Let $X_1$, ..., $X_n$ be independent, real valued random variables with density $f$ and CDF $F$. Let $F_i$ denote the CDF of $X_{(i)}$.
a) What is the distribution of $F(X_{(i)})$ and $F_i(X_{(i)})$?
b) What is the variance of $F(X_{(i)})$?
[edit: I have realised by now that my approach was flawed and furthermore that my question needs clarification. So here is my second try.]
As I understand the question, we have real valued, i.i.d. random variables $X_1$, ..., $X_n$ with density $f$ and CDF $F$.
$X_{(1)}< ... < X_{(n)}$ are the corresponding order statistics with CDF $F_i:=F_{X_{(i)}}$.
I know the general formula for the CDF of order statistics. It is given by $$F_i(t)=\sum_{k=i}^n \binom{n}{k}F(t)^k(1-F(t))^{n-k}.$$
Now, the CDF of a random variable is a measurable function. Thus $F(X_{(i)})$ and $F_i(X_{(i)})$ are real valued random variables again.

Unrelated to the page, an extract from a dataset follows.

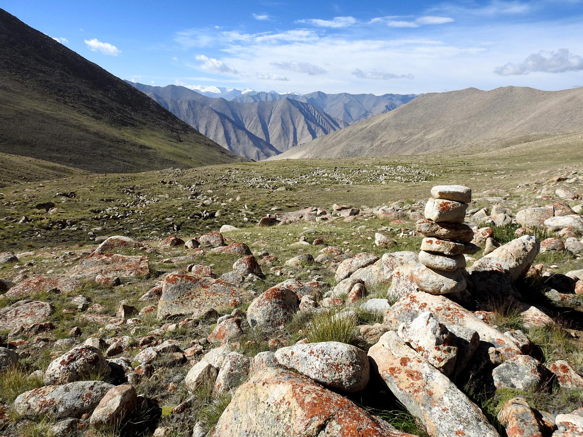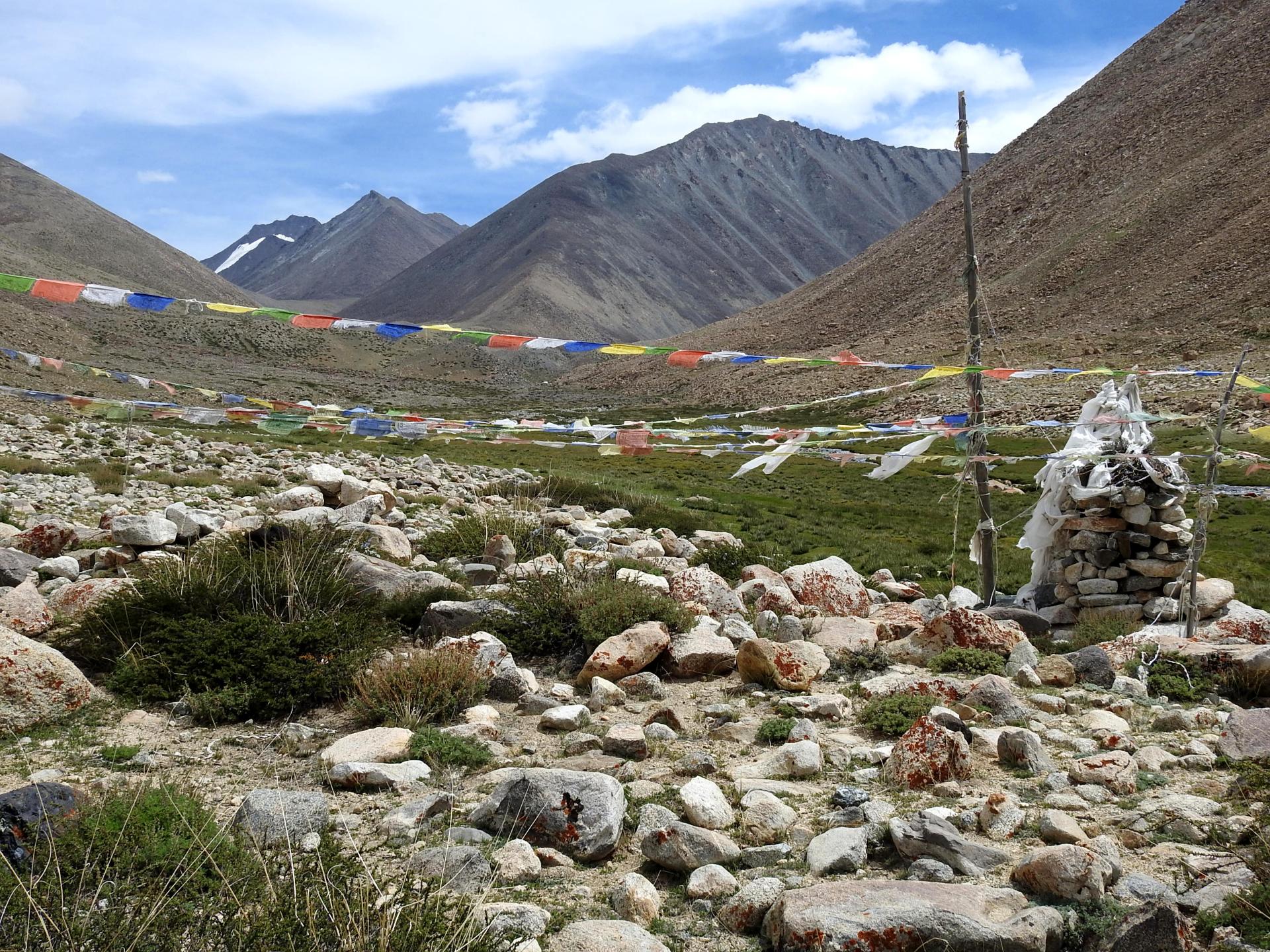 On dépasse la confluence avec un vallon qui descend de la gauche ayant pour origine le Gongma La (voir le topo dans la rubrique des Explorations en cours Le Changthang depuis Ligche). On ne peut pas dire que la descente soit ardue, moins de 100m de dénivelée négative en 1 heure de temps ! On commence à voir à l'horizon quelques pics de la Pangong range. On dépasse une doksa puis un peu plus bas un lhato à proximité duquel flotte au vent un darchok (1h, 5050m).

And a) asks for their distribution.
Per definition, we have $$F(t)=\mathbb{P}(X_i\leq t).$$ Hence $$F(X_{(i)})=\mathbb{P}(X_i\leq X_{(i)}).$$ This is the probability of the event that any $X_i$ is less or equal $X_{(i)}$. By definition of order statistics, we have $$F(X_{(n)})=\mathbb{P}(X_i\leq X_{(n)})=1,$$ as $X_{(n)}$ is the maximum of the $X_i$. But how do I derive the distribution of $F(X_{(i)})$ for $i \in \{1, ..., n-1\}$?
I think, if they were uniformly distributed, the answer would simply be $$F(X_{(i)})=i/n.$$ But their distribution ist unknown, so I'm stuck and have no idea how to proceed from here.